Task directions: Leave out the pictures, then return the records word for word.
*** Begin section ***
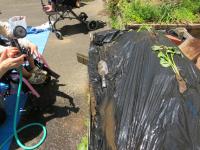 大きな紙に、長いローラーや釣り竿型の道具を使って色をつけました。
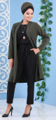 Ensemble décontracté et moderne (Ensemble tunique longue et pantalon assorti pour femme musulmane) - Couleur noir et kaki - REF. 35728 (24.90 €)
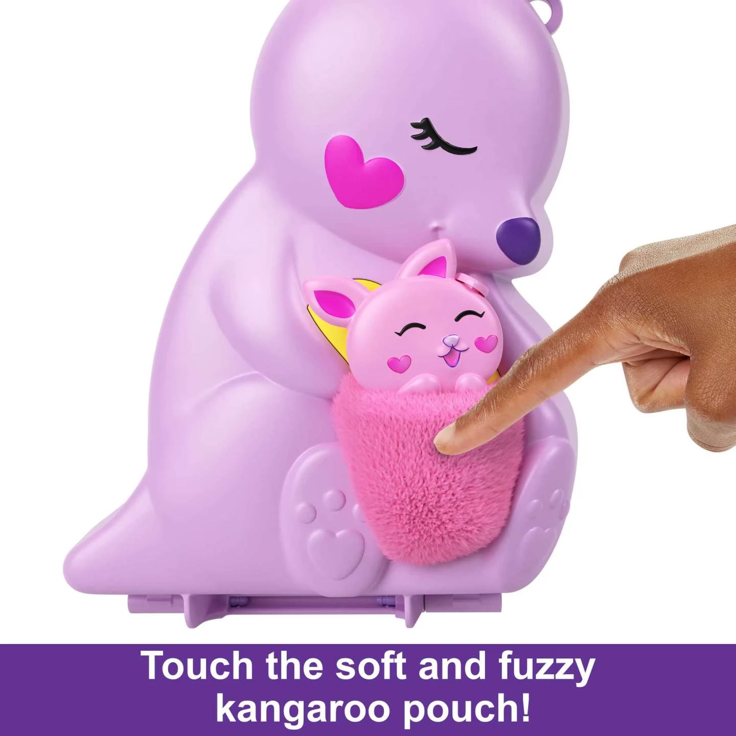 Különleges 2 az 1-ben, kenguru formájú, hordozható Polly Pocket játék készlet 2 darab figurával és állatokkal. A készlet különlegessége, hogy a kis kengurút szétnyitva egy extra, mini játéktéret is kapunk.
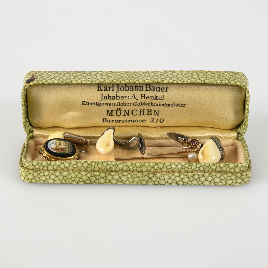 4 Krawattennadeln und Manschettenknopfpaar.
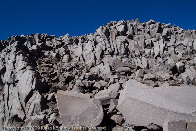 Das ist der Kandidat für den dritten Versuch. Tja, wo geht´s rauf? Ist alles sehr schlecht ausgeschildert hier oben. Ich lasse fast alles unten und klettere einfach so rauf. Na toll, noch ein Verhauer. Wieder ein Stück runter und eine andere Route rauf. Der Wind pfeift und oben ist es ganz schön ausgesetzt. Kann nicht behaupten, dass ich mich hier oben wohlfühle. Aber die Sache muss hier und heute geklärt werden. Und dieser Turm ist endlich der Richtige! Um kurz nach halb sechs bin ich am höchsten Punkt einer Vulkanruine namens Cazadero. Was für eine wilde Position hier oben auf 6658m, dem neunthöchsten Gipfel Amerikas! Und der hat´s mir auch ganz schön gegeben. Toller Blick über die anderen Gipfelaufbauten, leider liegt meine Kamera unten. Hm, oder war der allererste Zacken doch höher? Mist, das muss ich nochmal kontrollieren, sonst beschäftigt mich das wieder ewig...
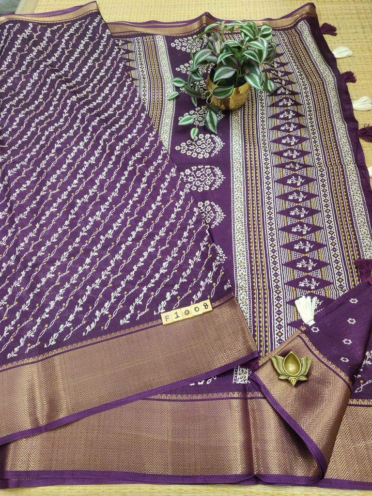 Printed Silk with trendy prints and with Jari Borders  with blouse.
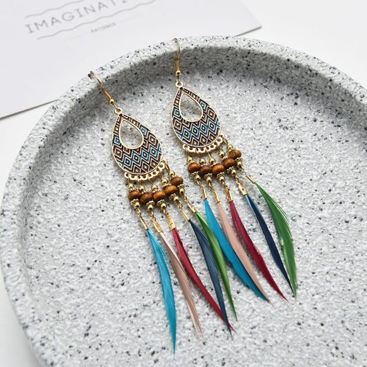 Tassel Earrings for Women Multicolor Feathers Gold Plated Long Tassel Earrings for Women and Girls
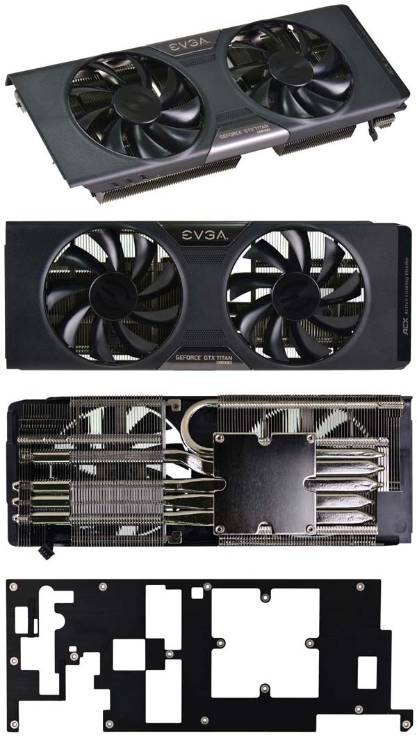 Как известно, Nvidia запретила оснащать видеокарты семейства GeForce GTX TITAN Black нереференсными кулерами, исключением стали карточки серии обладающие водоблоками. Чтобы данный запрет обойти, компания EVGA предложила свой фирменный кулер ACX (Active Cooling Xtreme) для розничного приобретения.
*** End section ***
Response to this task:
 大きな紙に、長いローラーや釣り竿型の道具を使って色をつけました。
 Ensemble décontracté et moderne (Ensemble tunique longue et pantalon assorti pour femme musulmane) - Couleur noir et kaki - REF. 35728 (24.90 €)
 Különleges 2 az 1-ben, kenguru formájú, hordozható Polly Pocket játék készlet 2 darab figurával és állatokkal. A készlet különlegessége, hogy a kis kengurút szétnyitva egy extra, mini játéktéret is kapunk.
 4 Krawattennadeln und Manschettenknopfpaar.
 Das ist der Kandidat für den dritten Versuch. Tja, wo geht´s rauf? Ist alles sehr schlecht ausgeschildert hier oben. Ich lasse fast alles unten und klettere einfach so rauf. Na toll, noch ein Verhauer. Wieder ein Stück runter und eine andere Route rauf. Der Wind pfeift und oben ist es ganz schön ausgesetzt. Kann nicht behaupten, dass ich mich hier oben wohlfühle. Aber die Sache muss hier und heute geklärt werden. Und dieser Turm ist endlich der Richtige! Um kurz nach halb sechs bin ich am höchsten Punkt einer Vulkanruine namens Cazadero. Was für eine wilde Position hier oben auf 6658m, dem neunthöchsten Gipfel Amerikas! Und der hat´s mir auch ganz schön gegeben. Toller Blick über die anderen Gipfelaufbauten, leider liegt meine Kamera unten. Hm, oder war der allererste Zacken doch höher? Mist, das muss ich nochmal kontrollieren, sonst beschäftigt mich das wieder ewig...
 Printed Silk with trendy prints and with Jari Borders  with blouse.
 Tassel Earrings for Women Multicolor Feathers Gold Plated Long Tassel Earrings for Women and Girls
 Как известно, Nvidia запретила оснащать видеокарты семейства GeForce GTX TITAN Black нереференсными кулерами, исключением стали карточки серии обладающие водоблоками. Чтобы данный запрет обойти, компания EVGA предложила свой фирменный кулер ACX (Active Cooling Xtreme) для розничного приобретения.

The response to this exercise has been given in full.